Baca berita tanpa iklan. Gabung Kompas.com+
Salin Artikel

Mengupas Dampak Kenaikan Suku Bunga The Fed ke Pasar Modal Indonesia

Menurut Chief Economist & Investment Strategist PT Manulife Aset Manajemen Indonesia (MAMI) Katarina Setiawan, kebijakan The Fed ini membuat pasar modal domestik cenderung volatile dalam beberapa waktu terakhir.

“Pelemahan pasar dibayangi oleh komentar dari bank sentral Amerika Serikat (The Fed) yang menekankan komitmennya untuk menanggulangi inflasi dan mempertahankan arah kenaikan suku bunga agresif,” kata Katarina dalam siaran pers, Senin (20/6/2022).

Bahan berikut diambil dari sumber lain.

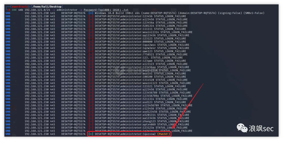 通过拿到的机器整理出密码本,对内网其他机器进行密码喷射
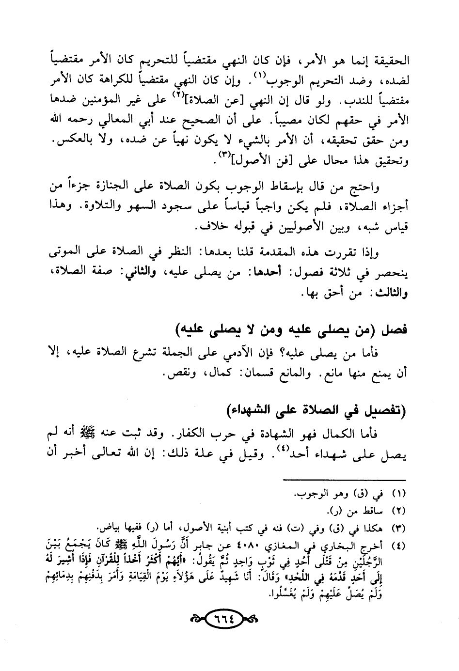 (¬4) أخرج البخاري في المغازي 4080 عن جابر أَنَّ رَسُولَ اللهِ - صلى الله عليه وسلم -كَانَ يَجْمَعُ بَيْنَ الرَّجُليْنِ من قَتْلَى أحُدِ في ثوْبٍ وَاحِدٍ ثُمَّ يَقُولُ: أَيهُمْ أكْثَرُ أَخذاً للِقُرآَنِ فإذا أشِيرَ لَهُ إِلَى أَحدٍ قَدَّمَهُ في اللَّحْدِ" وَقَال: أنا شَهِيدٌ عَلَى هَؤُلاَءِ يَومَ الْقِيَامَةِ وَأَمَرَ بِدَفنهم بِدِمَائِهم ولم يُصَلْ عَلَيْهِمْ وَلَمْ يُغَسَّلُوا.
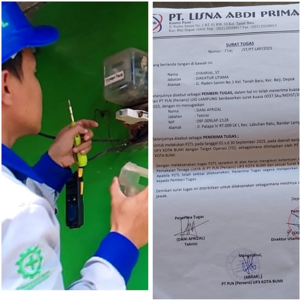 Dua orang petugas Penertiban Pemakaian Tenaga Listrik  (P2TL) dari PT Lisna Abdi prima yang diduga menyalahgunakan wewenang langsung tuju rumah konsumen didalam gang buntu yang beralokasi pengguna listrik Yang beralamatkan dijalan gotong royong kelurahan Tanjung aman kecamatan Kotabumi Selatan kabupaten Lampung Utara untuk bertujuan memeriksa instalasi PLN dan/atau instalasi pemakai tenaga listrik dari PLN (24-09-2025)
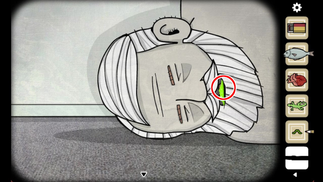 - 새우 껍질을 열어 시신의 입 안 액체에 병 사용 → 묘약 획득

Katarina mengatakan, ketidakpastian pasar juga meningkat terhadap outlook pertumbuhan ekonomi AS, karena kenaikan suku bunga yang agresif dikahwatirkan dapat memicu resesi ekonomi. Selain itu pasar juga dibayangi oleh lockdown di China karena meningkatnya kasus Covid-19 dan kebijakan ‘zero Covid’ pemerintah China.

“Kondisi ini meningkatkan kekhwatiran gangguan rantai pasokan dunia, karena peranan penting China dalam produksi global, dan dampaknya terhadap inflasi dunia,” tambahnya.

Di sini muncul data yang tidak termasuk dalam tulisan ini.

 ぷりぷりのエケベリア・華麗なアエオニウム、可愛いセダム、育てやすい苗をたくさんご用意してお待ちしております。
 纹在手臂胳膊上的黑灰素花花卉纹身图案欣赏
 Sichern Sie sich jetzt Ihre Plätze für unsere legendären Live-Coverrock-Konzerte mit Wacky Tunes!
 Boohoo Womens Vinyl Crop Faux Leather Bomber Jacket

Menurut Katarina, kenaikan suku bunga The Fed tidak serta merta menjadi alasan terjadinya resesi, karena kondisi global saat ini sangat dinamis dan outlook ekonomi dapat berubah sewaktu-waktu.

“Kami melihat saat ini kondisi ekonomi AS masih kuat, didukung oleh tingkat pengeluaran masyarakat, sektor tenaga kerja dan manufaktur yang solid sehingga dapat bertahan menghadapi kenaikan suku bunga The Fed yang agresif dalam jangka pendek,” jelasnya.

Namun menurutnya, terdapat tekanan di beberapa bagian ekonomi AS, terlihat dari sentimen bisnis dan konsumen yang melemah, serta tingkat suku bunga kredit properti yang naik ke level tertinggi sejak 2009.

Faktor ini dapat mempengaruhi outlook pertumbuhan ekonomi di AS dan mendorong The Fed untuk menjadi lebih suportif.

“Secara keseluruhan kami melihat ekonomi AS memiliki kemungkinan besar dapat menghindari resesi walau outlook pertumbuhan ekonomi AS melemah,” ujar Katarina.

Imbas hasil keputusan The Fed dalam jangka pendek

Dalam jangka pendek, The Fed masih diperkirakan bergerak agresif. Saat ini pasar memperhitungkan kenaikan suku bunga 50 bps di bulan Juni dan Juli.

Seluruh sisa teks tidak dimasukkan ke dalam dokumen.